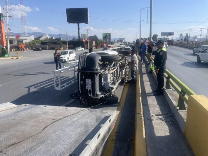 Empleado vuelca camioneta tras recibir ‘cerrón’ en bulevar Venustiano Carranza
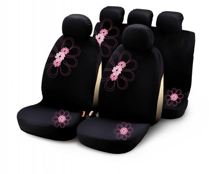 Bottari Üléshuzat, univerzális fekete-rózsaszín, virágos, hímzett, Bottari My Spring Flower
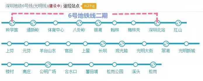 该线路设车站20座,其中地下站5座,高架站15座,与4、5、11、13号线及广深港客运专线综合换乘。| 6号线二期(深圳北站-科学馆站)二期工程线路全长约11.7km,包括7站7区间,换乘车站5座,线路从深圳北站预留高架桥工程引出。
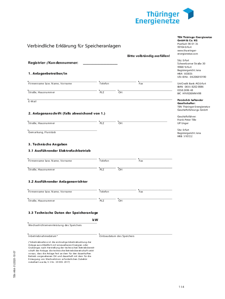 So füllen Sie ten-ar4-31verberklaerungspeicheranlagendoc aus
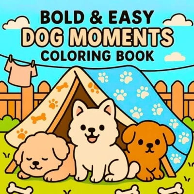 Bold & Easy Dog Moments Colouring Book: Cute Fluffy, Funny For adults and Kids
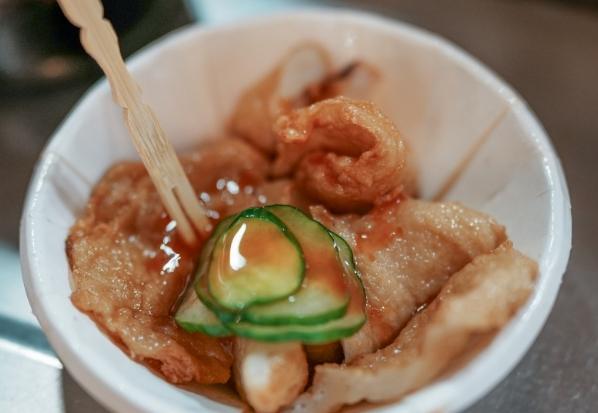 - 介紹:現點現炸!天婦羅(甜不辣)是純魚漿製作,口感 厚實彈牙,不是那種粉粉的。炸得 外酥內軟,沾特調甜辣醬超對味。魷魚腳 也推,炸得香酥脆!
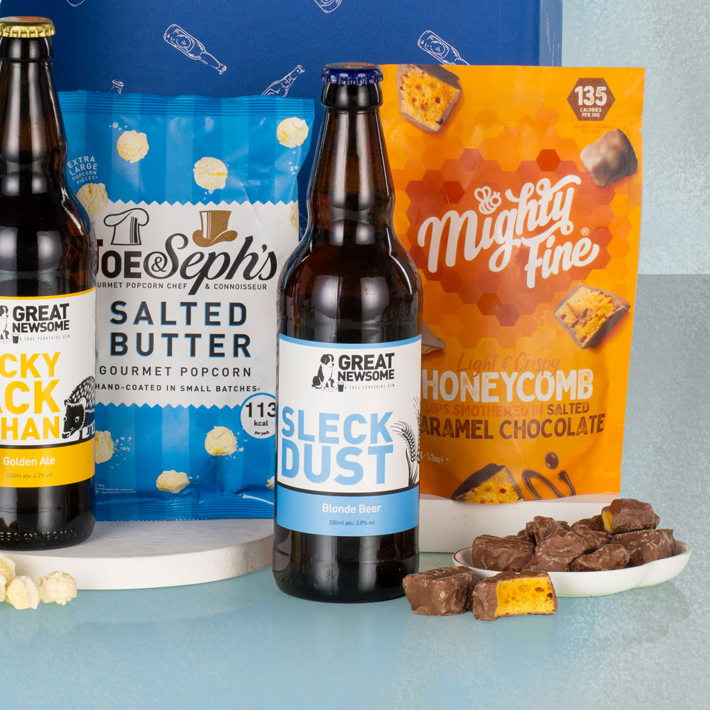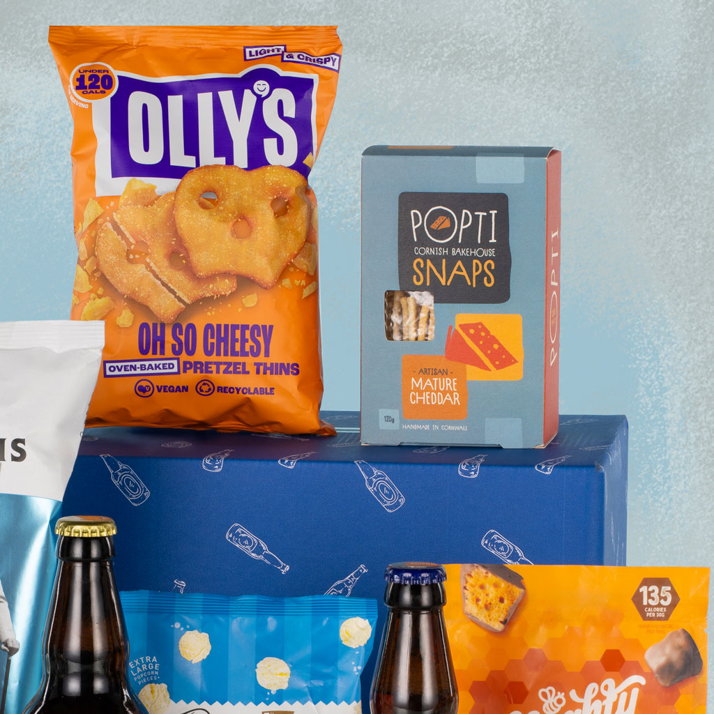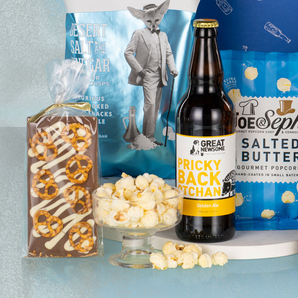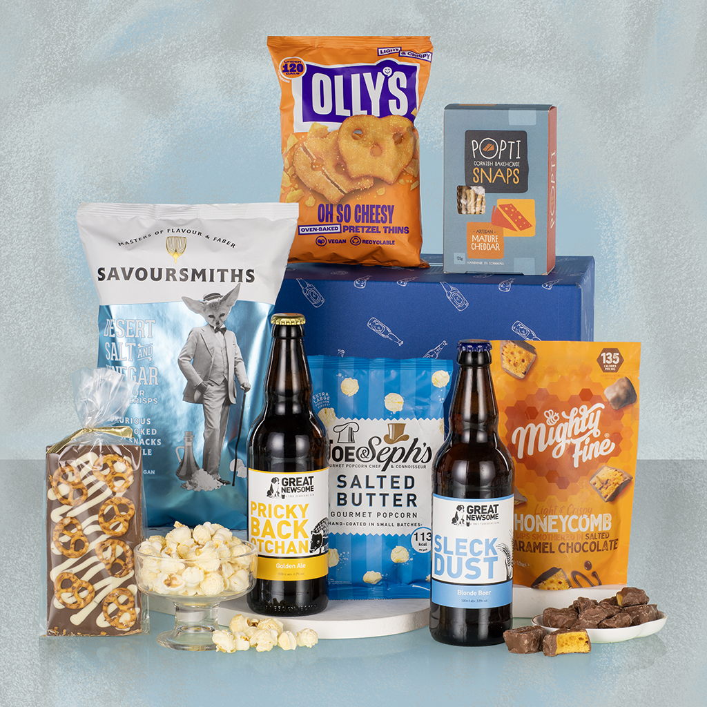 Relax, unwind and enjoy some well-deserved downtime with Boys Night In — the ultimate hamper for an evening of great taste and good company. Packed in a decorative postal carton, this laid-back yet luxurious collection brings together craft beer, savoury snacks and sweet indulgences for the perfect night off. Crack open bottles of Great Newsome Pricky Back Otchan and Great Newsome Sleck Dust Blonde Beer, two award-winning British brews that pair perfectly with Savoursmiths Desert Salt & Vinegar Crisps, Olly’s Oh So Cheesy Pretzel Thins and Popti Cornish Bakehouse Snaps Mature Cheddar. For something sweet, Mighty Fine Salted Caramel Honeycomb Dips and Joe & Seph’s Salted Butter Popcorn deliver crunchy caramel satisfaction, while Stas Chocolatier Milk Chocolate Bar with White Chocolate Drizzle & Pretzels ties it all together with a moreish mix of salty and sweet. Whether it’s a night in front of the TV, a well-earned treat or a thoughtful gift for him, Boys Night In is crafted for flavour, fun and a touch of indulgence — Virginia Hayward style.
####################
**TASK**.
Return all records verbatim and drop the pictures.

**RESULT FOR THIS EXERCISE**.
 Empleado vuelca camioneta tras recibir ‘cerrón’ en bulevar Venustiano Carranza
 Bottari Üléshuzat, univerzális fekete-rózsaszín, virágos, hímzett, Bottari My Spring Flower
 该线路设车站20座,其中地下站5座,高架站15座,与4、5、11、13号线及广深港客运专线综合换乘。| 6号线二期(深圳北站-科学馆站)二期工程线路全长约11.7km,包括7站7区间,换乘车站5座,线路从深圳北站预留高架桥工程引出。
 So füllen Sie ten-ar4-31verberklaerungspeicheranlagendoc aus
 Bold & Easy Dog Moments Colouring Book: Cute Fluffy, Funny For adults and Kids
 - 介紹:現點現炸!天婦羅(甜不辣)是純魚漿製作,口感 厚實彈牙,不是那種粉粉的。炸得 外酥內軟,沾特調甜辣醬超對味。魷魚腳 也推,炸得香酥脆!
 Relax, unwind and enjoy some well-deserved downtime with Boys Night In — the ultimate hamper for an evening of great taste and good company. Packed in a decorative postal carton, this laid-back yet luxurious collection brings together craft beer, savoury snacks and sweet indulgences for the perfect night off. Crack open bottles of Great Newsome Pricky Back Otchan and Great Newsome Sleck Dust Blonde Beer, two award-winning British brews that pair perfectly with Savoursmiths Desert Salt & Vinegar Crisps, Olly’s Oh So Cheesy Pretzel Thins and Popti Cornish Bakehouse Snaps Mature Cheddar. For something sweet, Mighty Fine Salted Caramel Honeycomb Dips and Joe & Seph’s Salted Butter Popcorn deliver crunchy caramel satisfaction, while Stas Chocolatier Milk Chocolate Bar with White Chocolate Drizzle & Pretzels ties it all together with a moreish mix of salty and sweet. Whether it’s a night in front of the TV, a well-earned treat or a thoughtful gift for him, Boys Night In is crafted for flavour, fun and a touch of indulgence — Virginia Hayward style.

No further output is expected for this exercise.